Binary & Two's Complement

Binary & two's complement

The mental model behind every bitwise problem. Read once, then the idioms in cheatsheet.md make sense.

Reading binary (unsigned)

Binary is base-2 positional notation. Each bit is a power of 2, counting right to left from 2^0:

0b1011  =  1·2³ + 0·2² + 1·2¹ + 1·2⁰  =  8 + 0 + 2 + 1  =  11
           bit3   bit2   bit1   bit0

• Bit 0 (rightmost) = least significant bit (LSB), worth 1 — decides odd/even.
• Leftmost = most significant bit (MSB), worth the most.
• 0b is Python's binary literal prefix: 0b1011 == 11.
• n bits cover the range 0 .. 2^n - 1. One byte (8 bits) → 0..255.

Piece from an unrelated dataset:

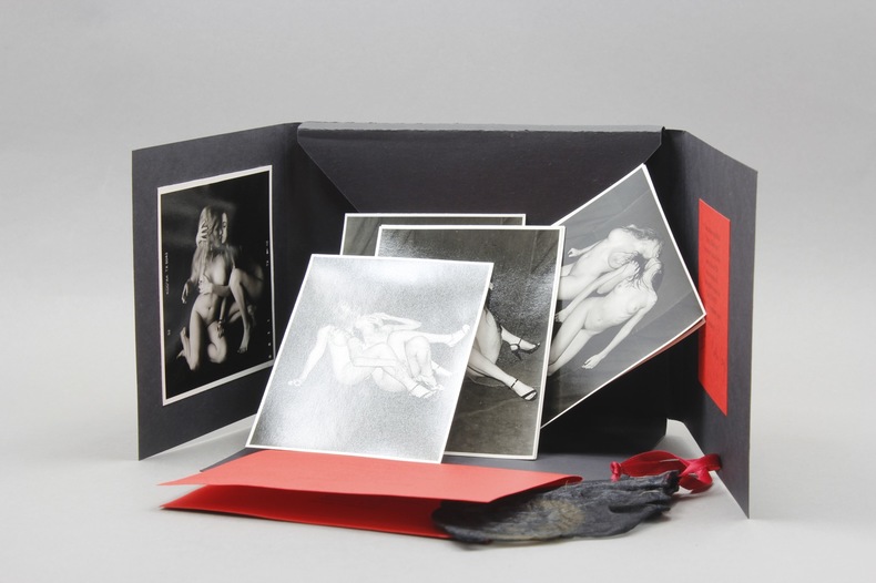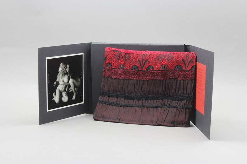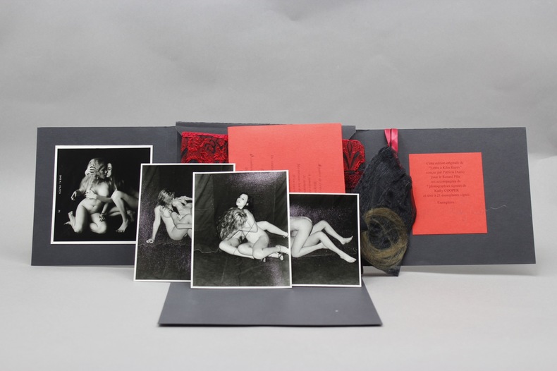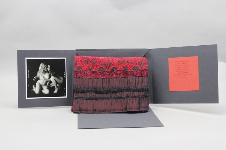 " Non pas un livre, mais un fourreau où sont dévoilées les traces sensuelles de l'amour d'une adolescente pour une autre. A la recherche de cette histoire intense et à jamais perdue, Kathy, jeune photographe sud africaine, exalte sa passion avec impudeur. A l'intérieur d'une bourse en tissu brodé, une mèche de cheveux blonds, 7 photographies érotiques signées, une lettre, le tout présenté dans un étui noir timbré, (14 x 18 cm) et tiré à 21 exemplaires signés " (présentation de l'éditeur).

bin(11)            # '0b1011'   (string, with prefix)
int('1011', 2)     # 11         (parse base-2 string)
format(11, 'b')    # '1011'     (no prefix)
format(11, '08b')  # '00001011' (zero-padded to 8 wide)

x << 1   # append a 0 bit  → ×2       0b1011 (11) → 0b10110 (22)
x >> 1   # drop last bit   → //2      0b1011 (11) → 0b101   (5, floor)
x << k   # ×2^k
x >> k   # //2^k  (floor division)

Two's complement (signed, fixed width)

To store negatives in a fixed number of bits, hardware uses two's complement. In an n-bit system the top bit carries the sign (0 = non-negative, 1 = negative), and to negate a value you flip all bits, then add 1.

8-bit, building -5:

 5 = 00000101
flip 11111010
 +1  11111011   = -5

Why flip-and-add-1: it makes ordinary binary addition produce the right answer. 5 + (-5) should be 0:

  00000101   (5)
+ 11111011   (-5)
= 100000000  → the 9th bit overflows out of 8 bits → 00000000 = 0  ✓

Reading a negative value back: the MSB has a negative weight, the rest stay positive.

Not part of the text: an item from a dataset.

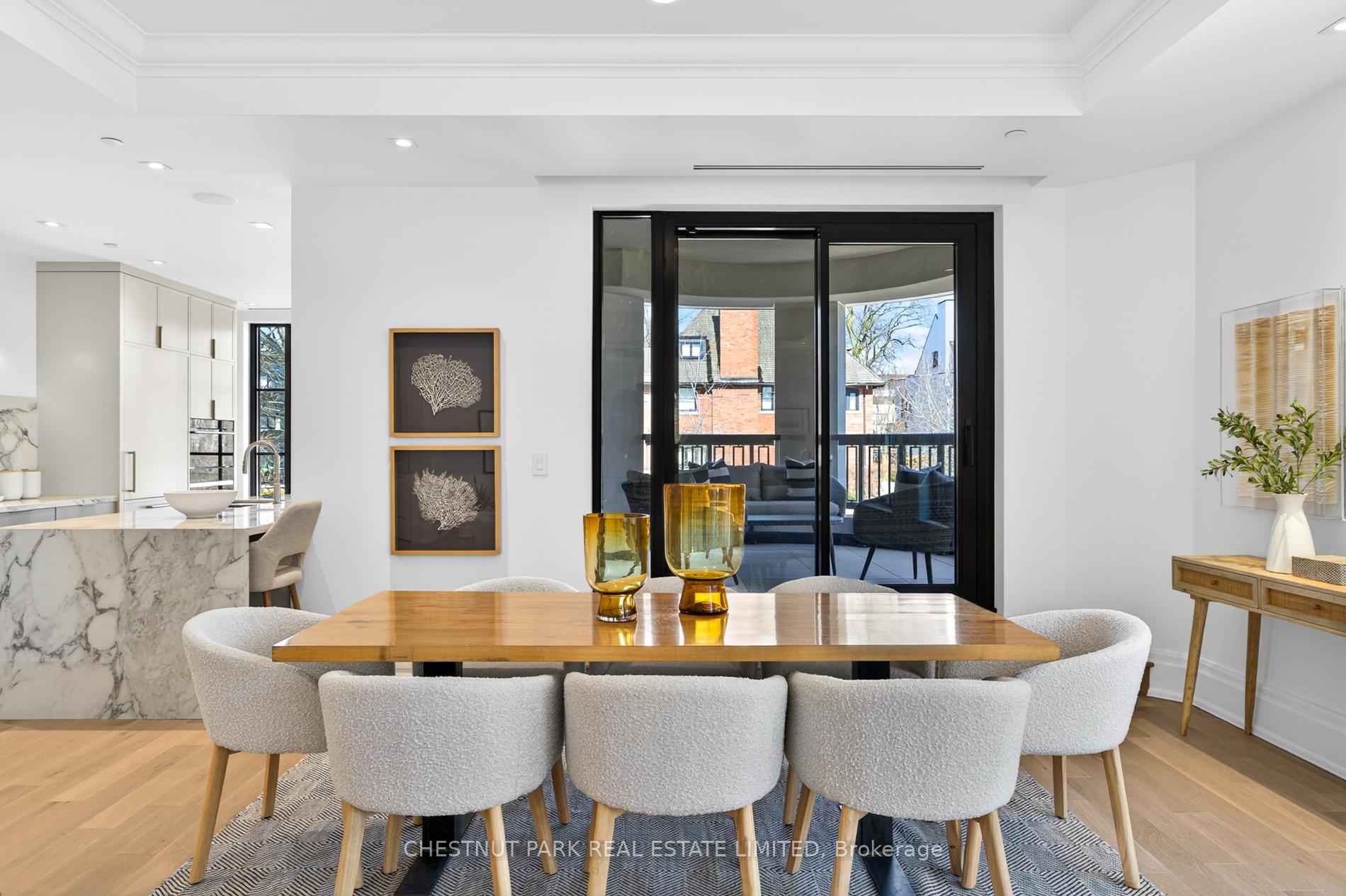 A rare opportunity within Maison 77 Clarendon, an intimate collection of just fifteen bespoke residences in the heart of prestigious South Hill. This five storey architectural jewel, positioned at the corner of Russell Hill Road and Clarendon Avenue, offers boutique living defined by privacy, elegance, and enduring design. This beautifully appointed two bedroom, two bathroom residence features soaring ceilings and dramatic floor to ceiling windows. The open concept kitchen and great room extend seamlessly to a private terrace, creating a refined setting for indoor outdoor living and gracious entertaining. Interiors curated by the acclaimed design firm Powell and Bonnell reflect a contemporary interpretation of classic style, blending timeless detailing with modern sophistication. Residents enjoy the comfort of 24 hour concierge service and valet parking, delivering a white glove lifestyle rarely found in boutique buildings of this scale. One parking space and two lockers are included for exceptional convenience. Set moments from ravine trails, top tier schools, and the shops and dining of St. Clair and Yonge, this residence offers a distinguished address and an unparalleled opportunity to secure a brand new home in one of Toronto's most coveted enclaves. See Schedule B for full list of inclusions.

11111011 = -2⁷ + 2⁶ + 2⁵ + 2⁴ + 2³ + 2¹ + 2⁰
         = -128 + 64 + 32 + 16 + 8 + 2 + 1 = -5

Range of n-bit two's complement is -2^(n-1) .. 2^(n-1) - 1 — asymmetric (one extra negative). 8 bits → -128..127; 32 bits → -2147483648 .. 2147483647.

Python's twist: infinite-width two's complement

Python ints are arbitrary precision, so there's no fixed width to flip within. The model is infinite two's complement:

• non-negative → infinitely many leading 0s: 5 = ...00000101
• negative → infinitely many leading 1s: -5 = ...11111011

Bitwise ops behave as if the sign bit extends forever:

-1          # ...11111111   (all ones)
-1 & 0xFF   # 255   — mask 8 bits out of the infinite ones
-1 >> 1     # -1    — arithmetic shift; sign extends, stays all ones
~5          # -6    — flip every bit
~0          # -1

The identity worth memorizing: ~n == -n - 1.

bin() of a negative lies to you

bin() does NOT print two's complement — it prints sign-magnitude, a minus sign glued to the magnitude's bits:

bin(5)    # '0b101'
bin(-5)   # '-0b101'   ← NOT the ...11111011 pattern that & | ^ actually operate on

So a negative's display and its bitwise behavior disagree — the classic trap. To see the true fixed-width pattern, mask first:

bin(-5 & 0xFF)   # '0b11111011'  — the real 8-bit two's complement

Masking to fixed width — when LC forces it

Problems that say "32-bit signed integer" can break a naive bit loop, because on a negative the leading 1s never run out:

while n:            # n = -1 → -1 >> 1 is still -1 → INFINITE LOOP
    count += n & 1
    n >>= 1

Mask into 32 bits first — now it's finite, non-negative, and you're treating the bits as the unsigned representation:

n &= 0xFFFFFFFF     # 32 one-bits; loop now terminates after ≤32 iterations

To re-interpret a 32-bit result as signed afterward: if bit 31 is set, subtract 2**32.